In the early hours of 2 May, unidentified armed groups launched mortar attacks on the villages of Harran and Lubayn and other nearby villages, followed by an attempted ground incursion. Local Druze factions repelled the assault. The Syrian government later stated that the assailants were unaffiliated with state forces and described them as "outlaw groups".

An attack was launched on the Druze village of Al-Thaalah on 4 May. Druze factions responded with their own mortars, as well as machine gun fire, though several hours later, the attack continued. According to a native of Ad-Dara, a neighboring village, the Druze attacked first.

=== De-escalation efforts ===
The Grand Mufti of Syria, Sheikh Osama al-Rifai, issued a statement on 30 April warning against the dangers of internal strife, in response to the events.
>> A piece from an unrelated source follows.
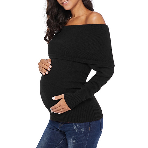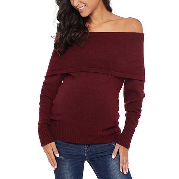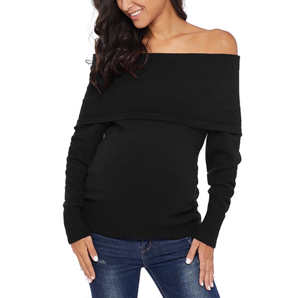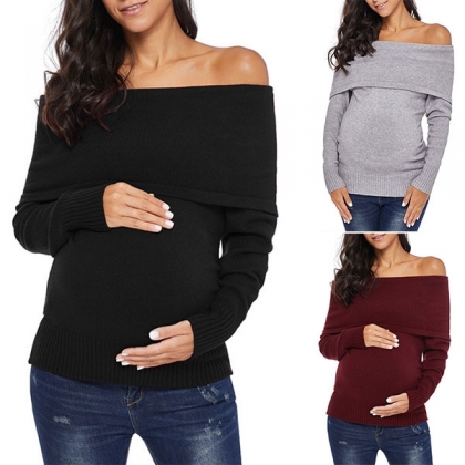 Sexy Off-shoulder Boat Neck Long Sleeve Maternity Sweater
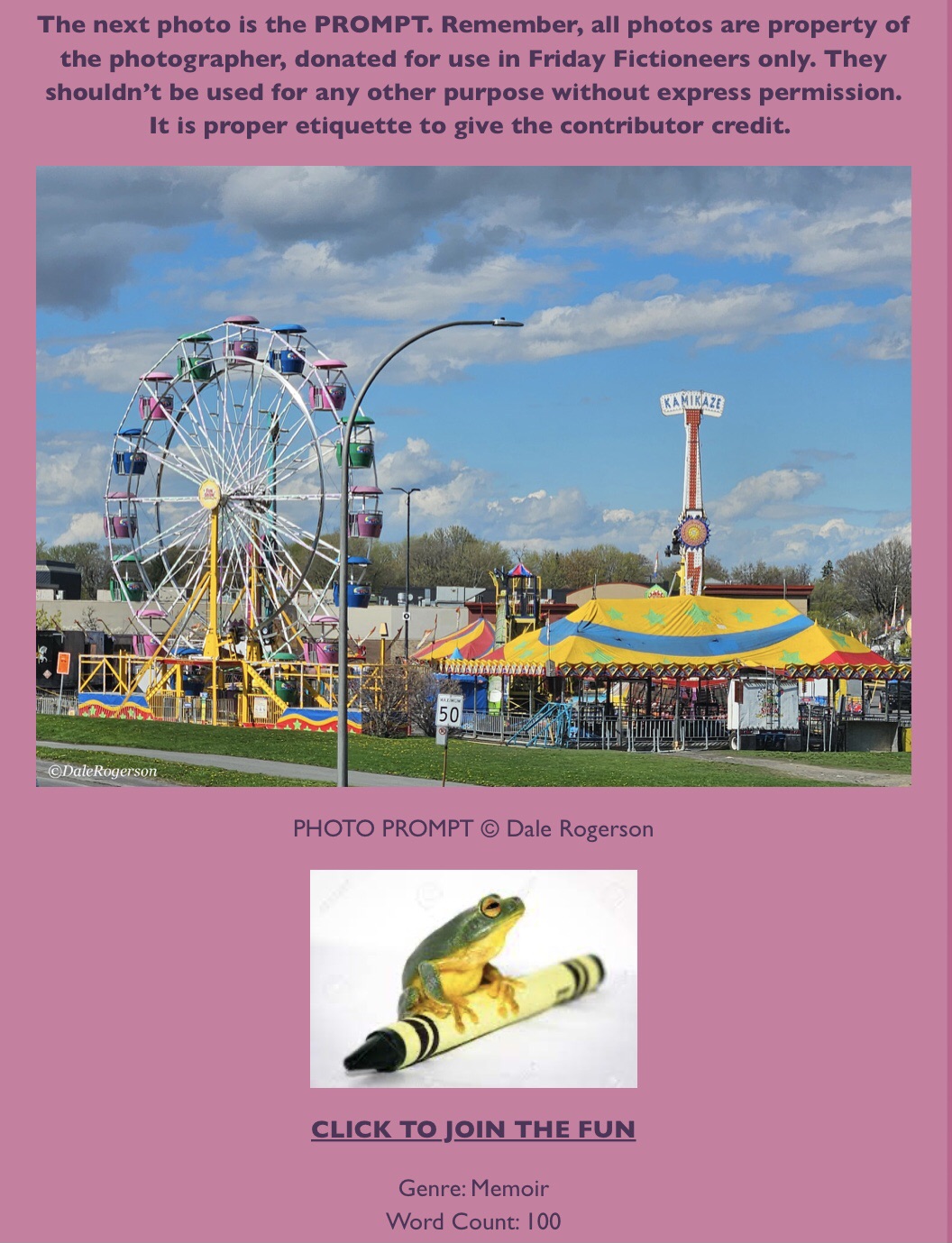 After the Ferris wheel, Julie insistently pulled at Joe’s arm. Finally they strapped themselves in and after two wild jerky rounds, Julie threw up in Joe’s lap where she was hiding.

Al-Rifai urged Syrians to reject calls for revenge and sectarian incitement, emphasizing that "fitna (discord) is easy to start but its consequences are unknown". He stressed that the blood of all Syrians is sacred and that even a single drop should not be spilled. Al-Rifai cautioned against heeding voices that seek to ignite conflict, describing them as "the voice of Satan" and calling instead for restraint and the preservation of national unity.

Walid Jumblatt, a Lebanese Druze prominent politician, said on 30 April that he was conducting intensive contacts as part of his efforts to achieve a ceasefire.

A delegation of Druze sheikhs and dignitaries from Suwayda Governorate arrived to the Ashrafiyat Sahnaya area on 30 April, the group included the Governor of Suwayda as well as the two spiritual leaders of the Druze community, Hammoud al-Hinnawi and Youssef Jarbou. The delegation convened a meeting to achieve de-escalation.

=== Agreements and government response ===
A meeting between government officials and Druze representatives on 29 April resulted in an agreement to de-escalate the situation in Jaramana, hold the attackers accountable, and counter sectarian mobilization.

On the evening of 30 April, Syrian media reported that the Governors of Rif Dimashq, Suwayda, and Quneitra, along with a number of dignitaries and social figures, had reached a preliminary agreement stipulating a ceasefire in Jaramana and Ashrafiyat Sahnaya.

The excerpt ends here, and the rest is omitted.